20 July 2011

Looking for Abby

The brain which Igor is ordered to steal is labeled as belonging to "Hans Delbrück, scientist and saint". A real-life Hans Delbrück was a nineteenth-century military historian; his son Max Delbrück was a twentieth-century biochemist and Nobel laureate.

Every time Frau Blücher's name is mentioned, horses are heard whinnying as if afraid of her name. Many viewers mistakenly believe that Blücher means "glue" in German; however, Blücher is a well-known German surname. The German term for glue is der Kleber, or tierischer Leim for animal glue. Brooks suggested in a 2000 interview that he had based the joke on the erroneous translation, which he had heard from someone else. In an interview, Cloris Leachman said that Mel had told her that that is why he named her character Blücher.  In the audio commentary, Mel Brooks explains that the horses are whinnying to show us that Frau Blücher is an ominous character: "They're terrified of her; God only knows what she does to them when nobody else is around."
Photo via Old Hollywood.

1 comment:

  1. Hah!
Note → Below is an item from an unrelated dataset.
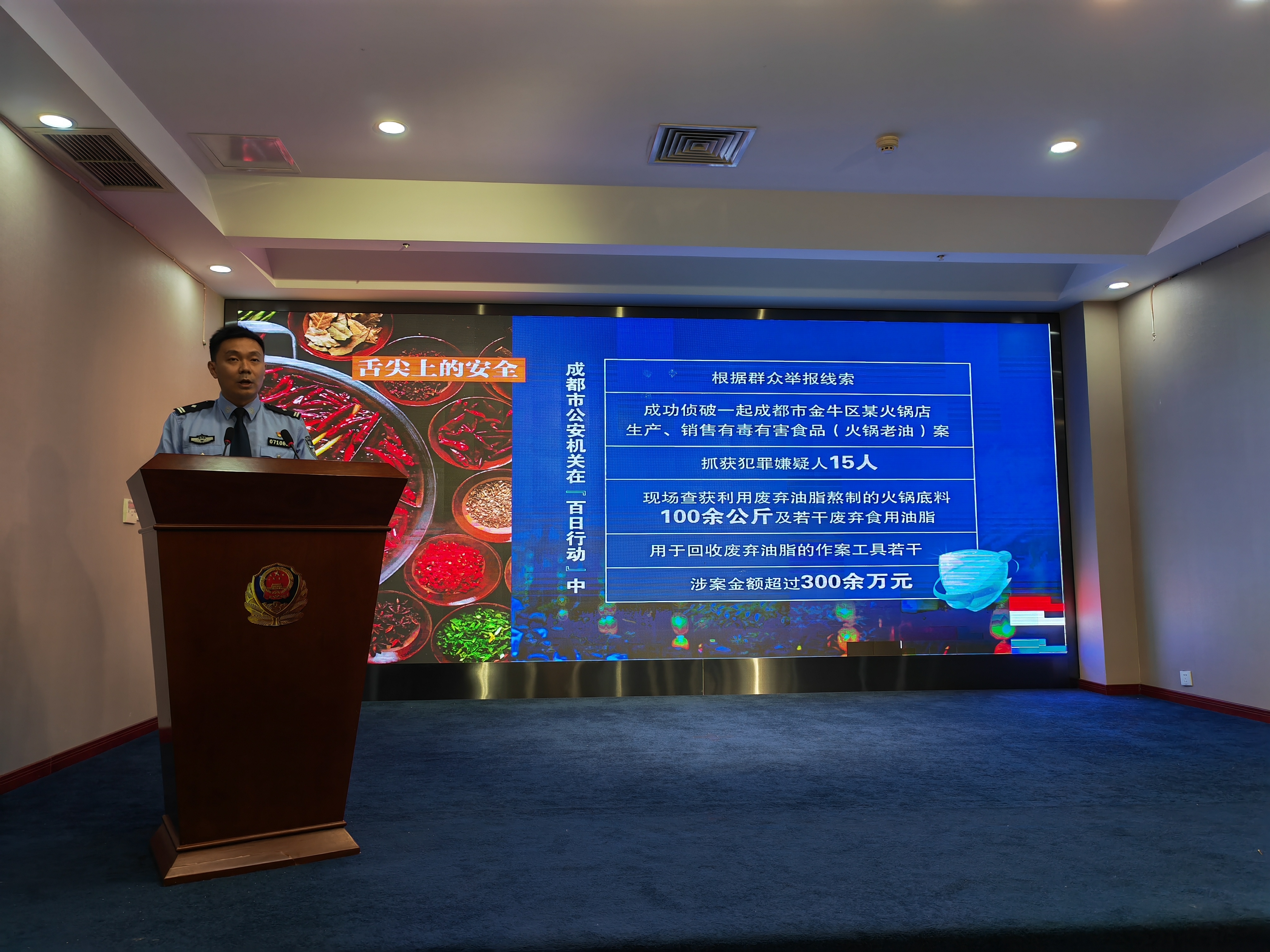 在四川公安今天召开的夏季治安打击整治“百日行动”第六场主题系列新闻发布会上,成都警方通报了侦破的金牛区某火锅店生产、销售有毒有害食品(火锅老油)案。

One of the kids' favourite films, that. The Frau Blucher gag is a favourite round here - our nine year old found last year's teacher was a fan, so there was a fair bit of silly stuff.
    Don't know if next year's teacher has the same sense of humour.

    Trouble with watching films your peers don't know is they don't get the references - our son was being bullied at school, the favourite being a rather aggressive "What have you been saying about my mother?" to which he replied "Your mother was a hampster and your father smelled of elderberries."
    Luckily a passing teacher got the gag and waded in to prevent a fight.